## Data records
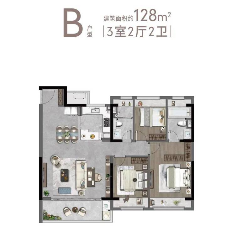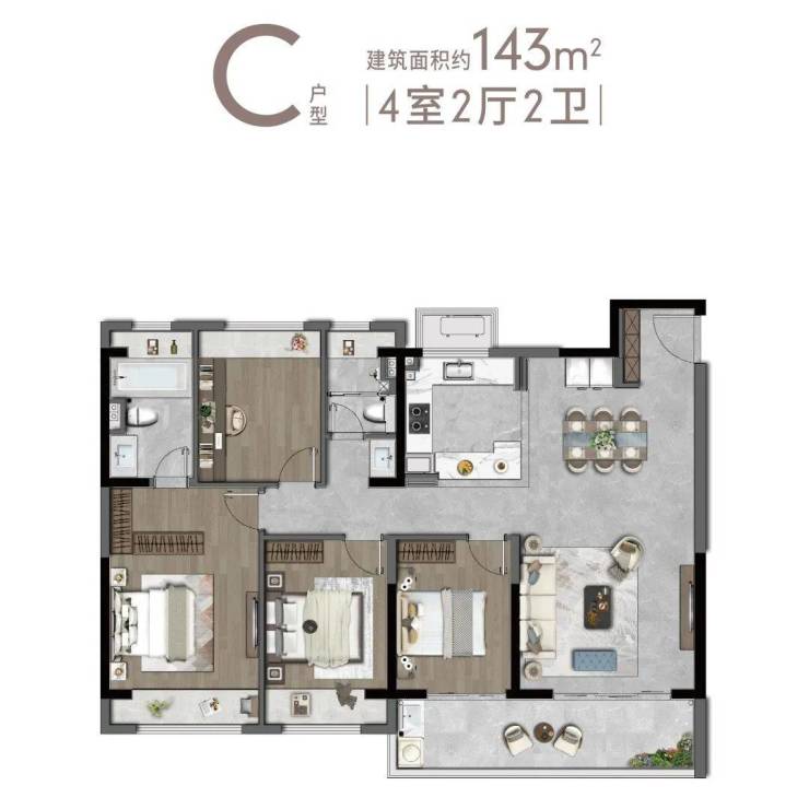 户型面积:约105㎡、约128㎡、约143㎡、约169㎡四个户型。
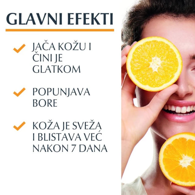 Eucerin Hyaluron-Filler Serum sa vitaminom C kombinuje visokokoncentrisanu hijaluronsku kiselinu sa vitaminom C, moćnim antioksidansom koji osvetljava ten i štiti kožu od slobodnih radikala. Serum pomaže u smanjenju vidljivosti finih linija i bora, jača otpornost kože i čini je svežom i blistavom. Lagana, brzo upijajuća tekstura omogućava jednostavnu primenu i idealna je za svakodnevnu negu.
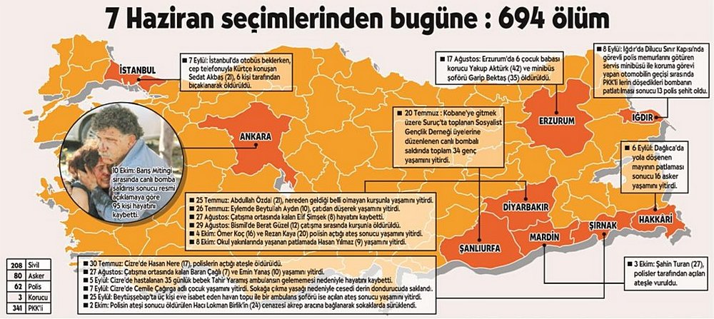 HDP’nin barajı aşacağı kesinleşince, seçimlere iki gün kala bugünkü tablonun ilk katliamı yaşandı. Seçimlerin ardından barış süreci buzdolabına konuldu, PKK ile savaş yeniden başladı.
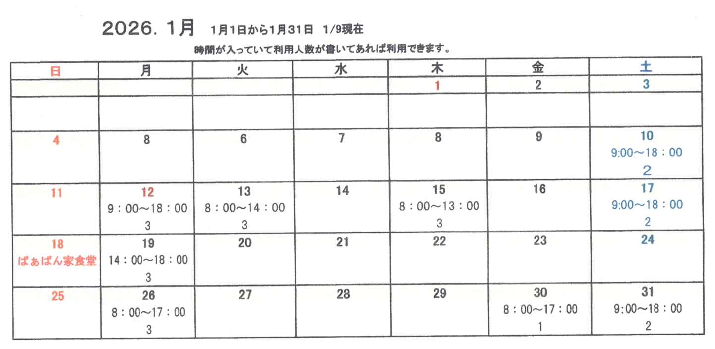 ばぁばん家(ち) ばぁばん家ぱーと2 空き状況表 2025.12.17 2026.01.10 ばぁばん家(ち) 利用できる日時は時間が入っている日で、その時間内は利用できます。0歳は2人カウントで3人まで。残り空き人数を記入しています。利用希望の方は mamasuma@jcom.home.ne.jp へ、または佐藤携帯に連絡ください。 Post Share キッズファッションショー盛会裏に終わる、来場者900名‼ 前の記事 ばぁばん家(ち) ママの笑顔を考える会の「ばぁばん家」と君津市認定の家庭的保育者による「ばぁばん家ぱーと2」があります。どちらも 佐藤家の自宅での子ども一時預かりです。利用の時は連絡ください。 関連記事 周西公民館文化祭で「ばぁばん家(ち)食堂」を開催(小麦粉粘土親子遊びもしました) 2025.11.22 ばぁばん家(ち)ぱーと2 2025.06.18 「にこにこママ笑顔」2ヶ月から就園までのお子さんがいるママの居場所。おしゃべりしてリフレッシュしましょう。 2025.04.14 2025年6月15日 第1回「ばぁばん家(ち)食堂」を実施しました。 2025.06.15 要望により「ばぁばん家(ち)食堂」が毎月1回の日曜食堂としてスタートします。 2025.06.16
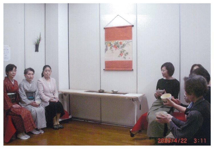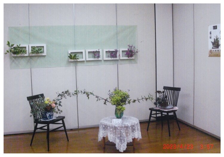 また、今回は会員の中にお茶をなさる方がいらっしゃり、来場者の方々にお茶席をご案内すると「こんなところでお茶を頂けるなんて嬉しい」と大変喜んでいただき、今年もお花とお茶に癒された2日間になりました。
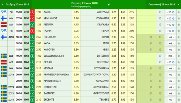Για την όγδοη ημέρα του Παγκοσμίου Κυπέλλου, διεξάγονται σήμερα τρία παιχνίδια στα πλαίσια της δεύτερης αγωνιστικής. Στις 15:00, η Δανία υποδέχεται την Αυστραλία, θέλοντας να κάνει το 2×2 στον όμιλο, ενώ στις 18:00, η Γαλλία παίζει κόντρα στο Περού, ευελπιστώντας σε μια καλύτερη εμφάνιση από αυτή που είχε στην πρεμιέρα. Η ημέρα κλείνει με το παιχνίδι Αργεντινή – Κροατία. Το κουπόνι πάμε στοίχημα (21/06) περιλαμβάνει επίσης αναμετρήσεις σε Φινλανδία, Λετονιά, Χιλή και Βραζιλία.
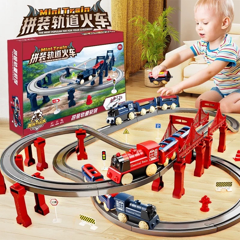 JOYTOYS ของเล่นรถชุดก่อสร้าง รางการแข่งขันก่อสร้างสำหรับเด็กที่มีความยืดหยุ่นไฟฟ้าติดตามรถของเล่นชุดของขวัญประกอบ diy

## Work to be completed
Please copy exactly the lines from the one containing "ばぁばん家(ち) ばぁばん家ぱーと2 空き状況表" through the end of the records above, leaving out every picture.

## Expected answer
 ばぁばん家(ち) ばぁばん家ぱーと2 空き状況表 2025.12.17 2026.01.10 ばぁばん家(ち) 利用できる日時は時間が入っている日で、その時間内は利用できます。0歳は2人カウントで3人まで。残り空き人数を記入しています。利用希望の方は mamasuma@jcom.home.ne.jp へ、または佐藤携帯に連絡ください。 Post Share キッズファッションショー盛会裏に終わる、来場者900名‼ 前の記事 ばぁばん家(ち) ママの笑顔を考える会の「ばぁばん家」と君津市認定の家庭的保育者による「ばぁばん家ぱーと2」があります。どちらも 佐藤家の自宅での子ども一時預かりです。利用の時は連絡ください。 関連記事 周西公民館文化祭で「ばぁばん家(ち)食堂」を開催(小麦粉粘土親子遊びもしました) 2025.11.22 ばぁばん家(ち)ぱーと2 2025.06.18 「にこにこママ笑顔」2ヶ月から就園までのお子さんがいるママの居場所。おしゃべりしてリフレッシュしましょう。 2025.04.14 2025年6月15日 第1回「ばぁばん家(ち)食堂」を実施しました。 2025.06.15 要望により「ばぁばん家(ち)食堂」が毎月1回の日曜食堂としてスタートします。 2025.06.16
 また、今回は会員の中にお茶をなさる方がいらっしゃり、来場者の方々にお茶席をご案内すると「こんなところでお茶を頂けるなんて嬉しい」と大変喜んでいただき、今年もお花とお茶に癒された2日間になりました。
Για την όγδοη ημέρα του Παγκοσμίου Κυπέλλου, διεξάγονται σήμερα τρία παιχνίδια στα πλαίσια της δεύτερης αγωνιστικής. Στις 15:00, η Δανία υποδέχεται την Αυστραλία, θέλοντας να κάνει το 2×2 στον όμιλο, ενώ στις 18:00, η Γαλλία παίζει κόντρα στο Περού, ευελπιστώντας σε μια καλύτερη εμφάνιση από αυτή που είχε στην πρεμιέρα. Η ημέρα κλείνει με το παιχνίδι Αργεντινή – Κροατία. Το κουπόνι πάμε στοίχημα (21/06) περιλαμβάνει επίσης αναμετρήσεις σε Φινλανδία, Λετονιά, Χιλή και Βραζιλία.
 JOYTOYS ของเล่นรถชุดก่อสร้าง รางการแข่งขันก่อสร้างสำหรับเด็กที่มีความยืดหยุ่นไฟฟ้าติดตามรถของเล่นชุดของขวัญประกอบ diy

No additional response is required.